Data provided:
- Opening Delimiter -
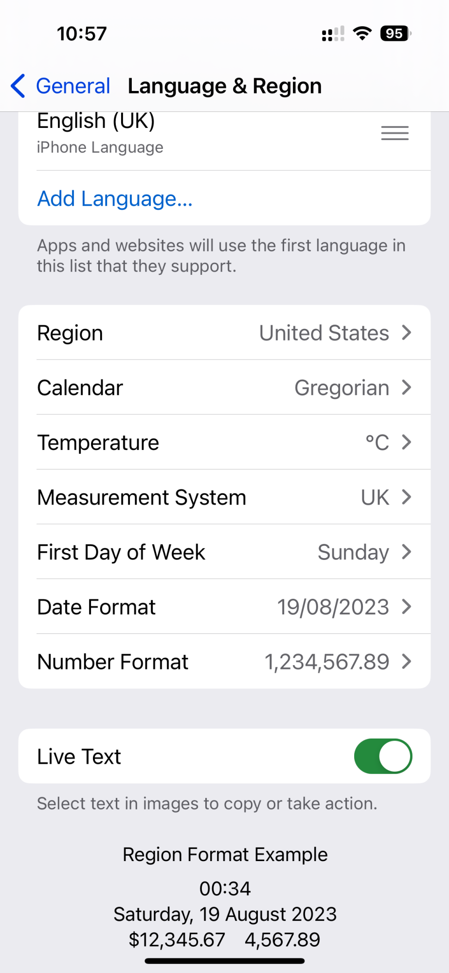 Send a screenshot of your settings. Did you reboot? It only applies the region after a reboot. You can confirm by seeing £ replaced with a $ on your keyboard.
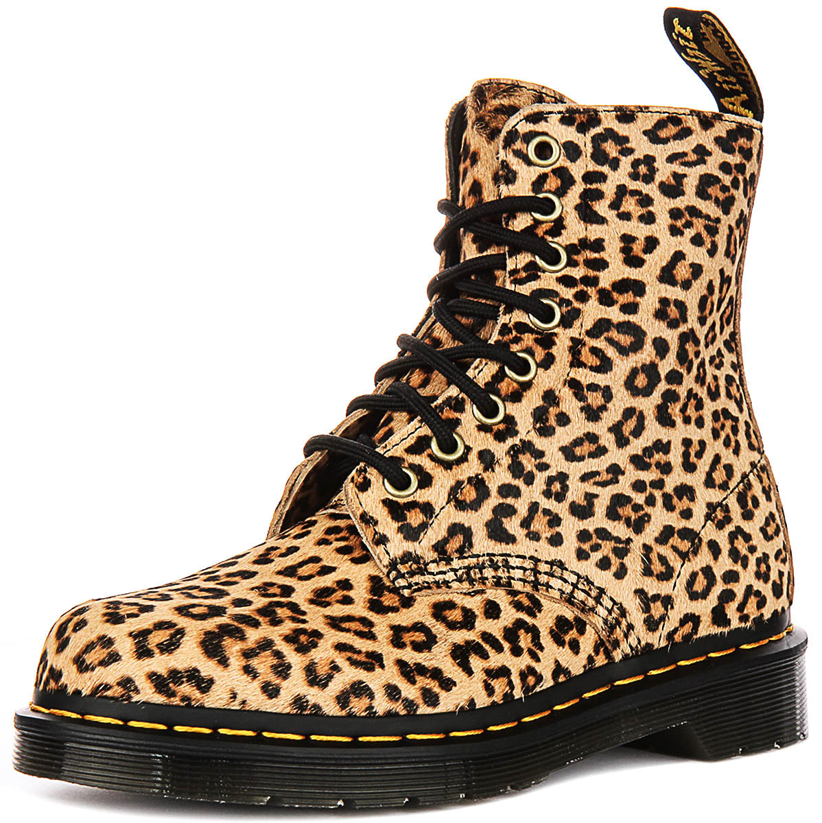 The defining feature of these 1460 Pascal boots is their striking leopard print outer material. Made from premium leather, the finish provides a luxurious and tactile pony-effect texture, replicating the authentic look and feel of real fur. The classic silhouette of the eight-eyelet boot is maintained, featuring robust black laces and gleaming brass-toned eyelets that perfectly complement the natural tones of the leopard print, ensuring a secure and adjustable fit.
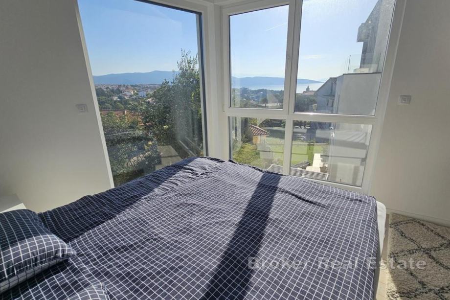 Na prodaju je dvoetažni apartman u prizemlju i na prvom katu višeobiteljske kuće u gradu Krku, udaljen 650 metara od mora i plaže.
- Closing Delimiter -
What the exercise asks: Output each line above exactly as it stands, omitting the pictures.

Exercise solution:
 Send a screenshot of your settings. Did you reboot? It only applies the region after a reboot. You can confirm by seeing £ replaced with a $ on your keyboard.
 The defining feature of these 1460 Pascal boots is their striking leopard print outer material. Made from premium leather, the finish provides a luxurious and tactile pony-effect texture, replicating the authentic look and feel of real fur. The classic silhouette of the eight-eyelet boot is maintained, featuring robust black laces and gleaming brass-toned eyelets that perfectly complement the natural tones of the leopard print, ensuring a secure and adjustable fit.
 Na prodaju je dvoetažni apartman u prizemlju i na prvom katu višeobiteljske kuće u gradu Krku, udaljen 650 metara od mora i plaže.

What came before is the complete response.